Winston would win a Grammy for the album he had released that fall, Forest. But it was 1982’s December, with three million sales and counting, that had made him a name. In the fall of 1989 I was a year out of college and living with a friend named Rob in a creaky old log cabin just off the square of East Petersburg, Pennsylvania. Rob had a large record collection, with which we decorated what we called “the blue room,” album covers lining the walls. In that room Rob’s sound system and our guitars and amps held sway. We rocked to the rhythms of U2, the 77s, and other “alternative” bands.

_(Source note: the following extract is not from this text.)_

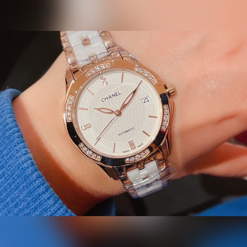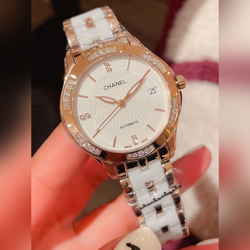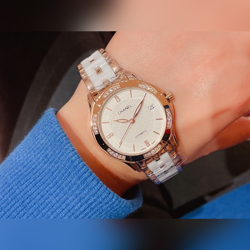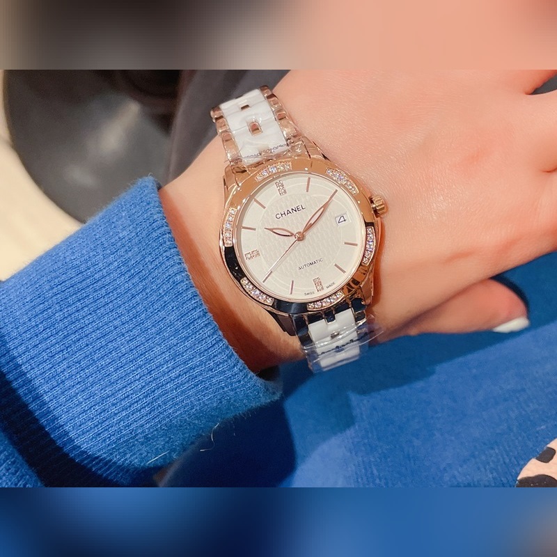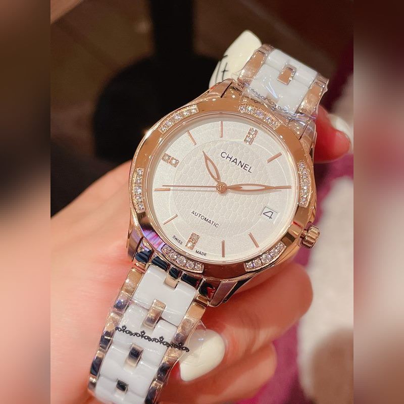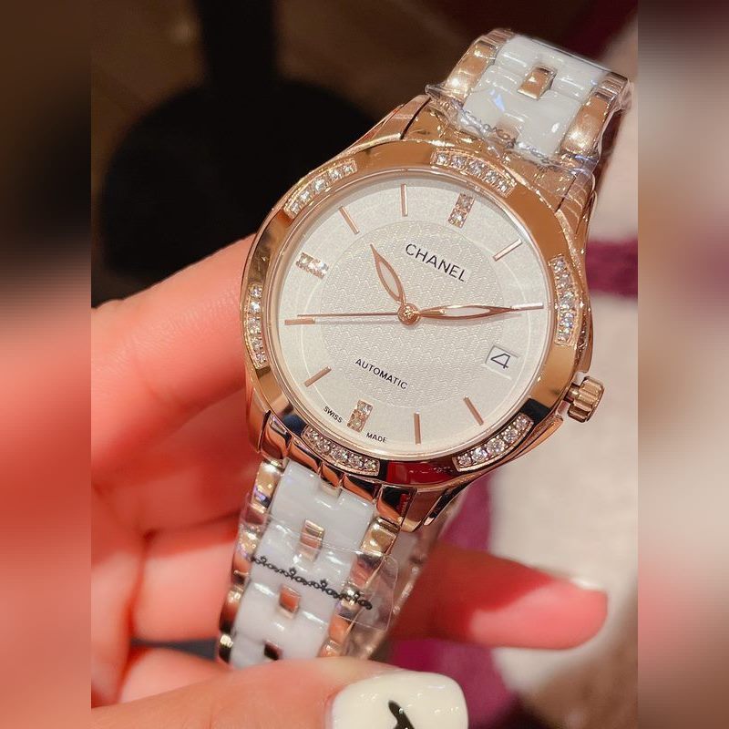 Tuonti kvartsikoneisto 316L ruostumaton teräskotelo Sapphire naarmuuntumaton lasipeili Tuotu vasikkanahkainen hihna/keraaminen ruostumaton teräs Halkaisija 35mm paksuus 8mm Tämä kello on naisten rakastama, heijastaa heidän ainutlaatuista persoonallisuuttaan ja viehättävää tyyliään eri tilanteissa

But Winston was the real alternative. I discovered December in Rob’s collection and would, on quiet nights, set it on the turntable. The opening song was a prelude to the seasonal fare that followed, in which Winston interpreted the interplay between earth and culture, between time, people, and place. Called simply “Thanksgiving,” that song, with its spare, rising melody, brought me, a seasoned ingrate already, to a new place of thankfulness. The music that followed “Thanksgiving”—“Jesus, Jesus, Rest Your Head”; “Joy” (his buoyant rendering of “Jesu, Joy of Man’s Desiring”); an urgent “Carol of the Bells”; “The Holly and the Ivy”—recast not only the landscape of Christmas for me but the landscape itself.
At some point in those years I took a summer ministry team of high schoolers to Philadelphia. We were in Kensington, a neighborhood in rapid post-industrial decline; on the previous year’s trip some kids from our church had come across a dead body. We were offering a vacation Bible school in collaboration with a local ministry and staying in its row-house headquarters. One night, when the neighborhood kids had gone, I was stunned to hear one of our leaders playing “Thanksgiving” on an old upright piano. I hadn’t known she played. She didn’t play as a wannabe virtuoso. She played as the true amateur, drawn by the love of a sound she was compelled to chase, note by note.
What did she—what did we—hear in George Winston? What balm for our generation’s needs and yearnings was he offering?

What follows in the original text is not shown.